子育て情報『園・学校に行きたくない!夏休み明けの子どものSOS。親だからわかること、できないこと、対応方法もーー精神科医・田中康雄先生』

2021年9月19日 14:15

園・学校に行きたくない!夏休み明けの子どものSOS。親だからわかること、できないこと、対応方法もーー精神科医・田中康雄先生


親の悩み

それでも親は、SOSとわかっていても、乗り越えてほしいという思いもあります。子どもが歩む道で、大きく躓かせたくないという思いから、SOSに目をつぶり、それに屈せずに強くなってほしいと願うものです。

先の公認の休暇を僕が提案したとき、一番親が「あー、いっちゃった。これで堂々と休んでしまう。困った」と思われているかもしれません。だから「最初の2日は黙ってみていたのですが、3日目にお医者さんはああいったけど、そろそろ行ってみない?と確認してしまいました。案の定、症状が強くなりました」と、わかっているけど、焦ってしまうものです。

そこで、僕は、どうして、そこを乗り越えることが難しいのかについて、親と一緒に考えていくことをします。
すると、以前から実はこういったことが苦手、あれが苦手というエピソードを教えてもらうことになります。

横断的な理解が主だった僕に、縦断的な情報が加わり、さらに僕たちはこの子理解を深めることができるのです。

SOSはヘルプサインと同時に、その子に近づくチャンスをくれるものでもあるのです。
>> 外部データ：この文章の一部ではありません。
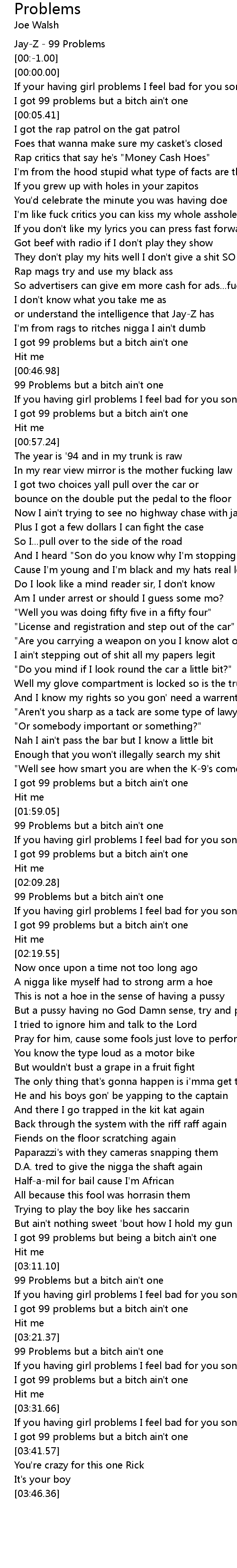[03:08.26] I got 99 problems but being a bitch ain't one

「そんなふうに考えているんですね」、「子どもだと思っていたけど、ちゃんと考えていることがわかり、ちょっと安心っていうか、すごい子だったんだと思いました」と感想を述べる親もいます。

目の前のことだけでなく、その子の思いに近づけたことは、ある意味親にとって喜びでもあります。

それも一瞬で、やはりしばらくすると「そろそろ登校(登園)しないと、これから先が心配で」、「いつまで待てばよいでしょうか」と、当然の悩みと焦りが再び登場します。
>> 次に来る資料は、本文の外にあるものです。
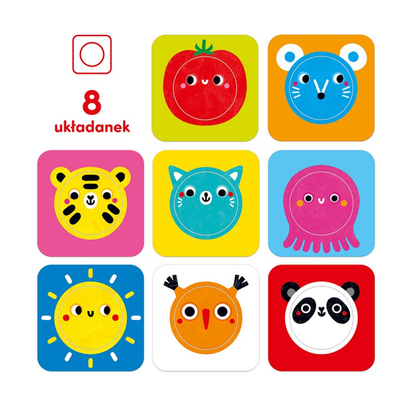 Edukacyjny zestaw składa się z dużych tabliczek z wyjmowanymi kółeczkami. Zabawa polega właśnie na ich dopasowywaniu, przy czym można je dokładać tył na przód, pod różnym kątem, pomiędzy tabliczkami a nawet… wypstrykiwać, dlatego to doskonały pomysł na pierwsze układanki dla roczniaków. Kolorowe ilustracje i formę puzzli dopasowaliśmy do wieku ciekawych świata maluchów. Zabawa kołem się toczy!

親であることの大変さ、悩み、痛みは、そうそう簡単には消えないということも、重々承知しているのですが、ゴールが見えないことの不安は、当然僕にもあります。僕も次の一歩を先走りして、子どもから「先生も同じ大人なんですね」というような目で見透かされるときが幾度もあります。



生きる上での悩み

時に、単に学校とか園とかの生活空間に対してではなく、「生きるって、生き続けるって、辛いな、苦しいな」と感じてしまう子もいます。具体的に表出するのは思春期前後でしょうが、実際はかなり小さい年齢から、苦しさを抱えているようです。この場合は、当然休んだところで症状は消えません。

このときは、その子が向き合う3つ(学習、友人、担当者)への向き合い方でなく、ずっと抱え込んでいた、自身にある違和感、日々の生活に対するなじみにくさ、が表面化したわけですから、根源的な危機感を、よくSOSとして出してくれたことを内心感謝しつつ、こちらも焦らず、一緒に迷いの森を歩み続けようとします。